I am not a BCH supporter, either. Just an accidental holder like many of us. I think the analysis by
fluidjax has merit.
Can any of you keen minds see any flaw in it? I tried to find weak spots, but I didn't manage to uncover much.
Just so I'm not accused of shilling for BCH, I'd prefer if BCH just died now...but Just a train of thought....
Segwit2X is designed to fail (Garzic is not even implementing Replay Protection) which will ensure Core supporters dislike it, and they can spread there ideas easily to those who are on the fence.
This seems spot-on. A serious attempt would have included replay protection by default, from the start.
These little pumps in the BCH price are designed to shake out the core supporting BTC holders.
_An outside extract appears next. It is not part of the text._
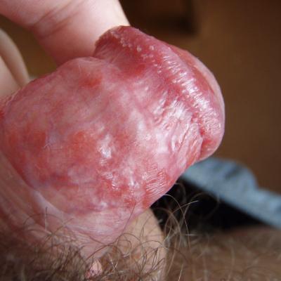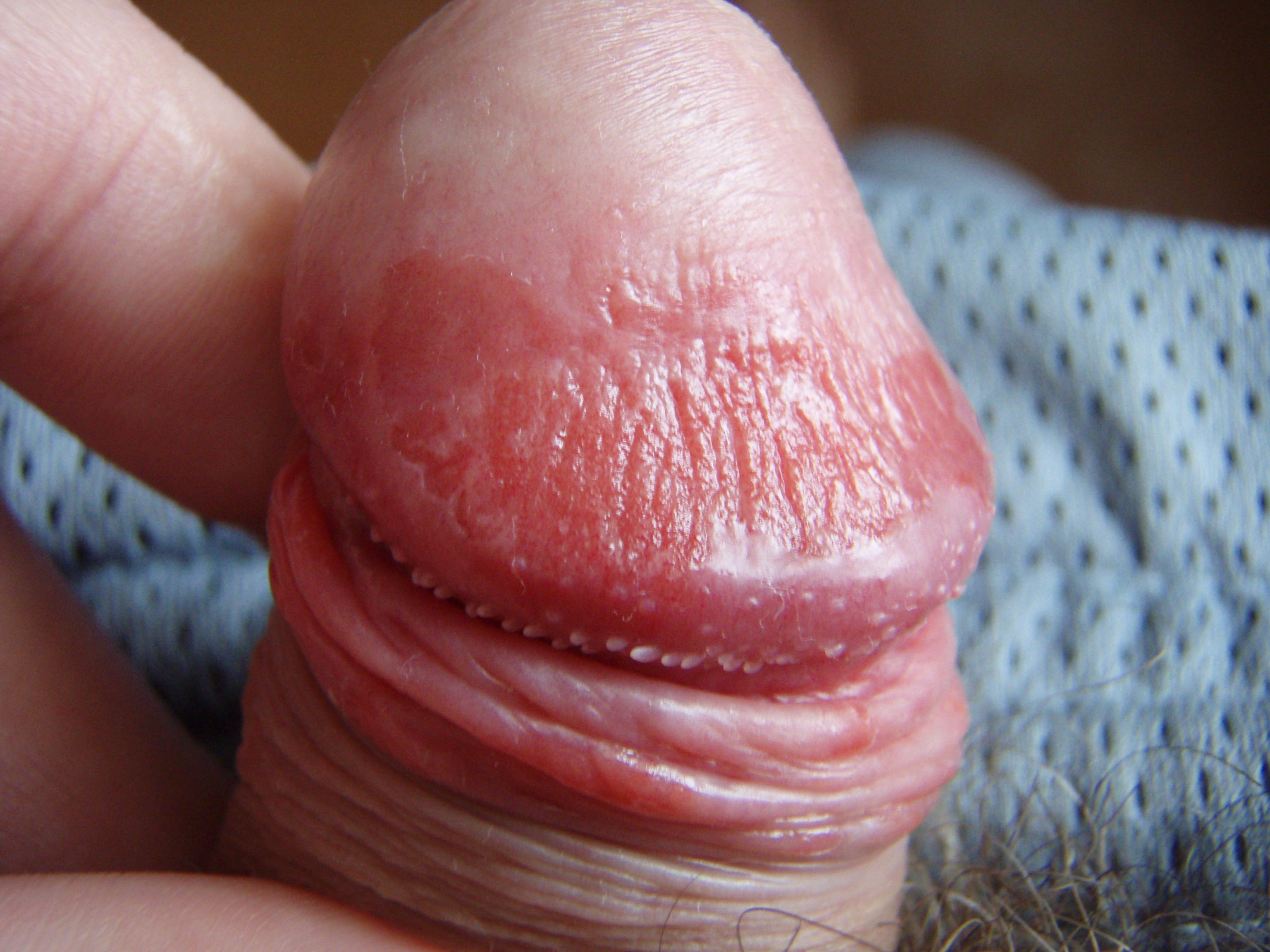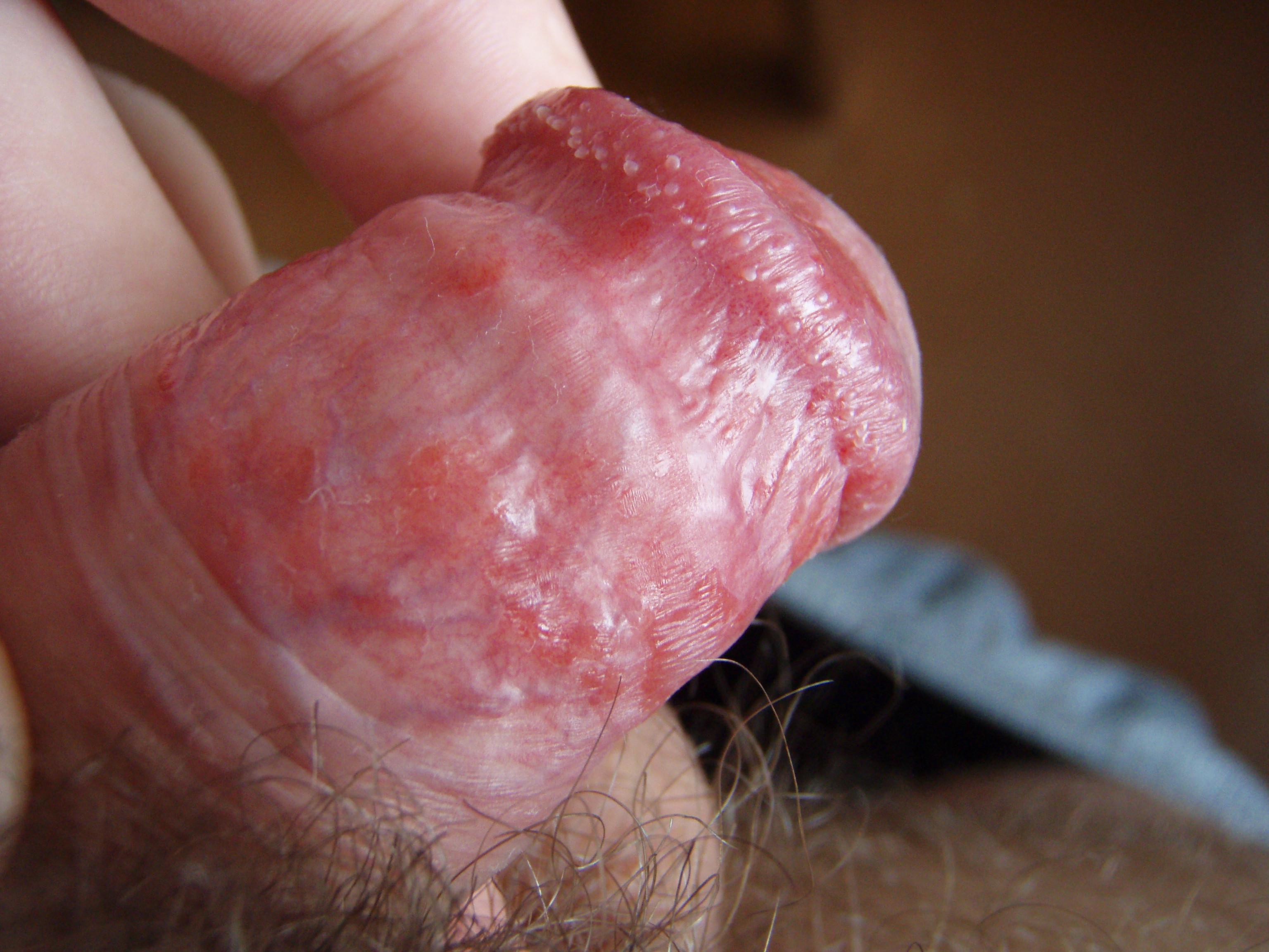 24 января заметил покраснения полового члена на головке, помазал детским кремом, покраснение спало но остались небольшие красные пятнышки, а в течении недели появились какие-то неровности, с утра область головки полового члена чешится, промываю, все успокаивается, но за сутки головка покрывается небольшим количеством скользкой жидкости. Фото прикрепил.

They will play with the price until November enticing us to sell in various ways.
Then November comes, Segwit2X fails, Jihan switches to BCH and then the real push starts.
BTC is left with 10-20% of hash power and stalls for a few weeks/months until the difficulty re-calc.
No-body is left to hold back the BCH price and it is pushed dramatically upwards to try and create a viable alternative, Main stream media is saturated with anti BTC articles. BCH announce a bunch of partnerships and deals.
The idea seems plausible enough, but size does matter. In other words, some quantitative analysis might be useful here (back of the envelope would do). How much does it cost in USD to prop the price up by x USD? How much in BTC to prop up by y BTC? How much has been spent already approximately? Which price level would be a reasonable bait (as seen from the fisher's point of view - that is, JihanVer&co's)?
There is more to their plan, than we have seen so far.
Maybe good to pick up some cheap BCH over the next few months to help kill it later.
Everything that has happened so far was easily predictable in advance, this is just the opening (sacrificial) battle, in a war.
Interesting and, if guessed right, potentially concerning (mild to average worry). The thing is, from September onwards we're all waiting to usher big fresh money in via options, futures and other derivatives. Possibly the long denied ETF will make a comeback. Those guys don't want no BCH though. I think they're only going for the real thing (and possibly ether, so loved by the corporate zombies all around). This would make the fisher's job much harder, and the bait much, much, more expensive. Have you considered this?
Perhaps I am giving them too much credit, but, I think they are playing a longer game than we currently see.
Perhaps you are. You probably are. I hope you are. At any rate, being prepared for the worst is good, so I think this idea deserves some pondering.